Only a few of the medical tests on patients could be carried out by the Mental Hospital – (WBC/DC, haemoglobin and ESR) with all the others having to be sent to the National Hospital. Now the blue-painted lab on the Angoda premises does 56 tests, The Sunday Times learns. A physician is also attached to Angoda now to deal with medical problems.

Turning the world within the Mental Hospital upside down, teams of doctors-nurses-minor staff responsible for their own wards and thus accountable have been set up, registers and ‘Incident report forms’ put in place to record all happenings and monthly conferences held to discuss patient deaths. To seclude or restrain patients, special forms have to be filled and justified. Night rounds, hand-over meetings between day and night staff, quarters for staff on duty and foreign training not only for doctors but also for nurses form part of the improvement package. The success of the radical changes can very well be judged by the fact that a drastic drop has been recorded in the number of ECTs administered to patients -- from 150 a day to barely 20 and even those with consent forms being signed not by relatives but by the patients themselves.

Another important aspect that Dr. Mendis has focused on is the Psycho-geriatrics Unit. “From two 10-bed wards for males and females, it has been expanded to 25 beds each,” says Consultant Psychiatrist Dr. Pushpa Ranasinghe, stressing the need as vital as Sri Lanka has an aging population. “Well-equipped taking into consideration their special needs, the unit caters to those above 65 years old who have mental illness,” she says giving the statistic of 30% of those over 90 developing dementia.

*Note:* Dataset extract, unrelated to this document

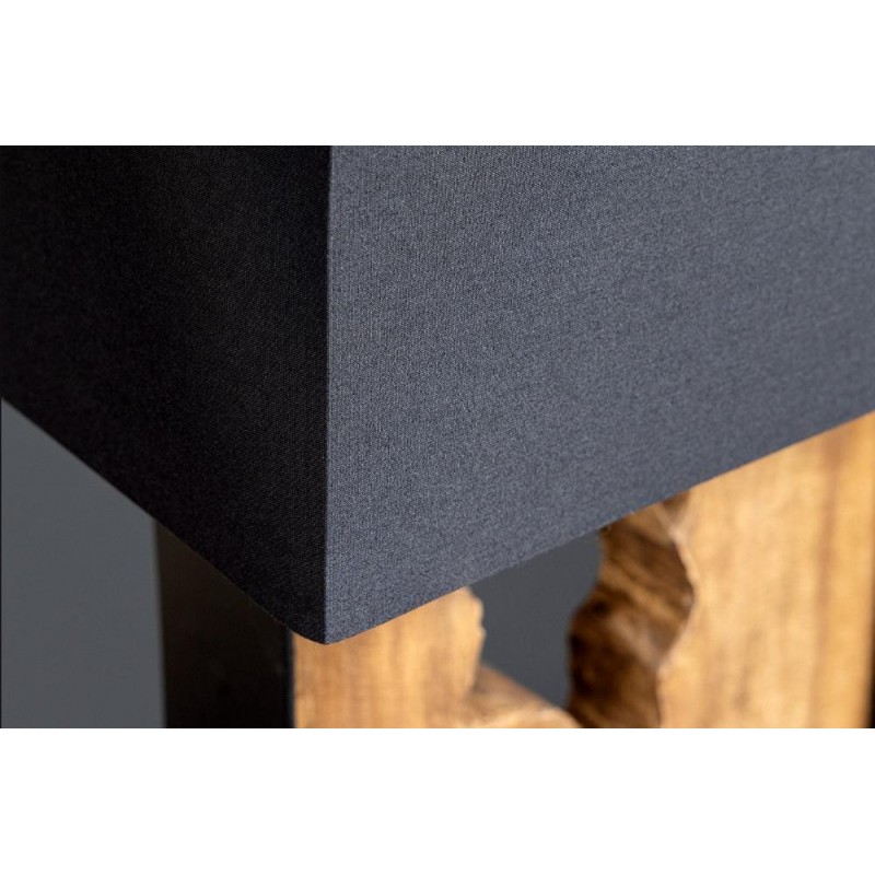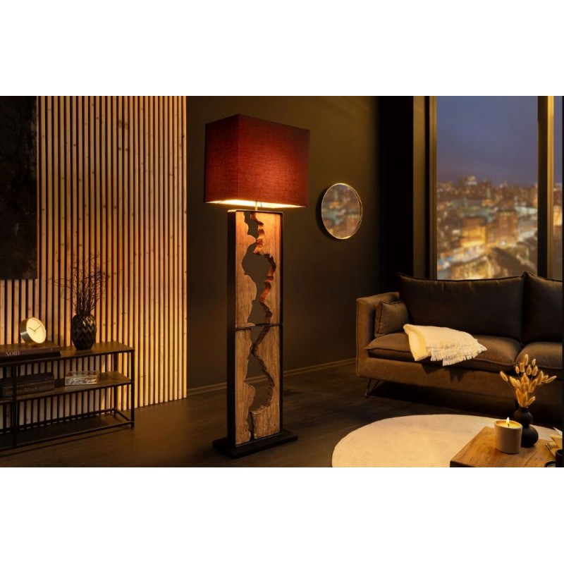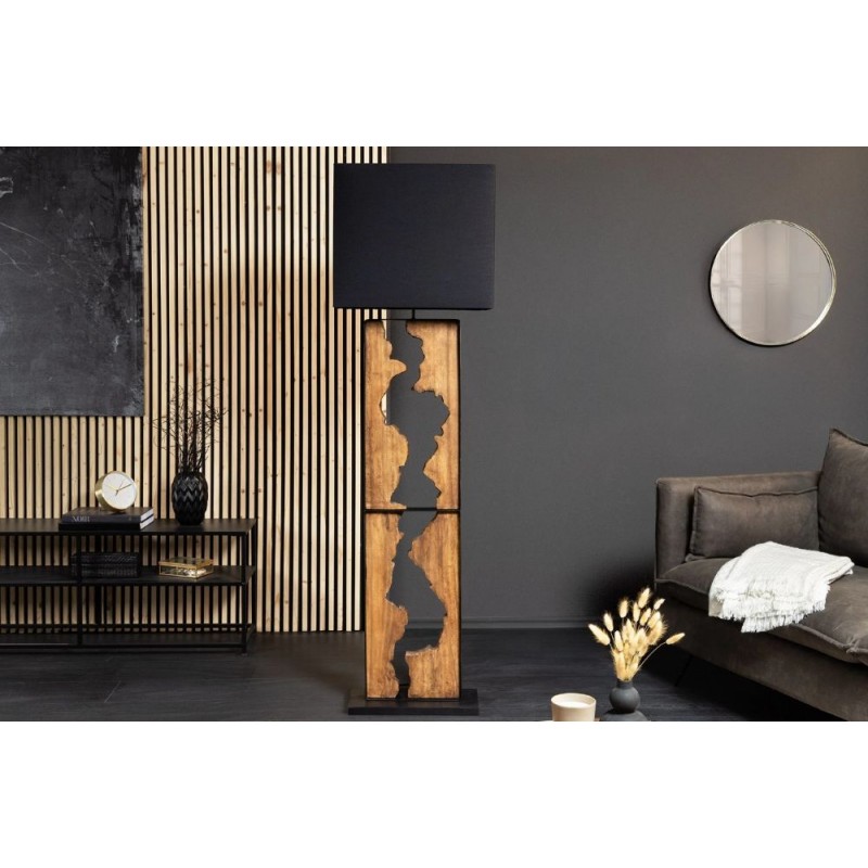 Lampa podłogowa DESIGNED BY NATURE to wyjątkowe połączenie nowoczesnego designu i naturalnego stylu. Wykonana została ręcznie z drewna deszczowego w naturalnym odcieniu, które zachwyca swoją formą. Każdy egzemplarz różni się unikatowym wykończeniem konstrukcji czyniąc ją niepowtarzalną, a odwzorowanie naturalnej struktury drewna z widocznymi słojami i sękami, podkreśla naturalny charakter lampy świadcząc o niezwykłej precyzji jej wykonania. Podłużna, geometryczna podstawa, wzbogacona o dwa drewniane elementy osadzone w metalowej konstrukcji, nadają jej wyrafinowany charakter. Czarny kwadratowy abażur idealnie komponuje się ze złotym wnętrzem, który rozpraszając światło, tworzy przytulną atmosferę oraz interesujący kontrast z surowością podstawy. Lampa ta to nie tylko źródło światła, ale również jest to mebel doskonale łączący współczesny design z naturalnym stylem, a jej geometryczny kształt nadaje charakteru wnętrzu stając się atrakcyjnym dekoracyjnym dodatkiem nowoczesnego wyrafinowanego salonu.

Commending the health authorities for being very supportive, Dr. Mendis says the nursing cadre has expanded from 150 to 300 and the medical officer cadre from 30 to 60 doctors. Eight Consultant Psychiatrists head the eight wards. Support has been forthcoming from organizations such as Indrakeelaya (a group of retired bank employees who had experienced the Central Bank bomb blast), Alzheimers Foundation and the YWCA.

Heading a facility housing more than one thousand patients, Dr. Mendis is also in the process of getting a name-change – from Angoda Hospital synonymous with pissu to the National Institute of Mental Health. The front wall bordering the road is to be demolished and a wire fence put up for people on both sides of the divide to see what is happening on the other and open days are to be held. The thrust now is to dispel stigma and give freedom and dignity to those suffering from mental illnesses.

Baby, mother and father: Together at last

Pinks and blues…….the baby colours. That’s what greets the visitor to the eight-bed ‘Mother-and-Baby Unit’ where new mothers who suffer from post-partum depression or psychological problems could recover, keeping their husbands or a close relative at their side.

Usually what happens is if the new mother falls ill, she is brought to Angoda, the baby is separated from her and taken to the Lady Ridgeway Hospital for Children and the distraught husband most probably goes back to his mother, says Dr. Jayan Mendis. But now, rooms with attached bathrooms help the family to stay together, while the new mother recovers in tranquil surroundings.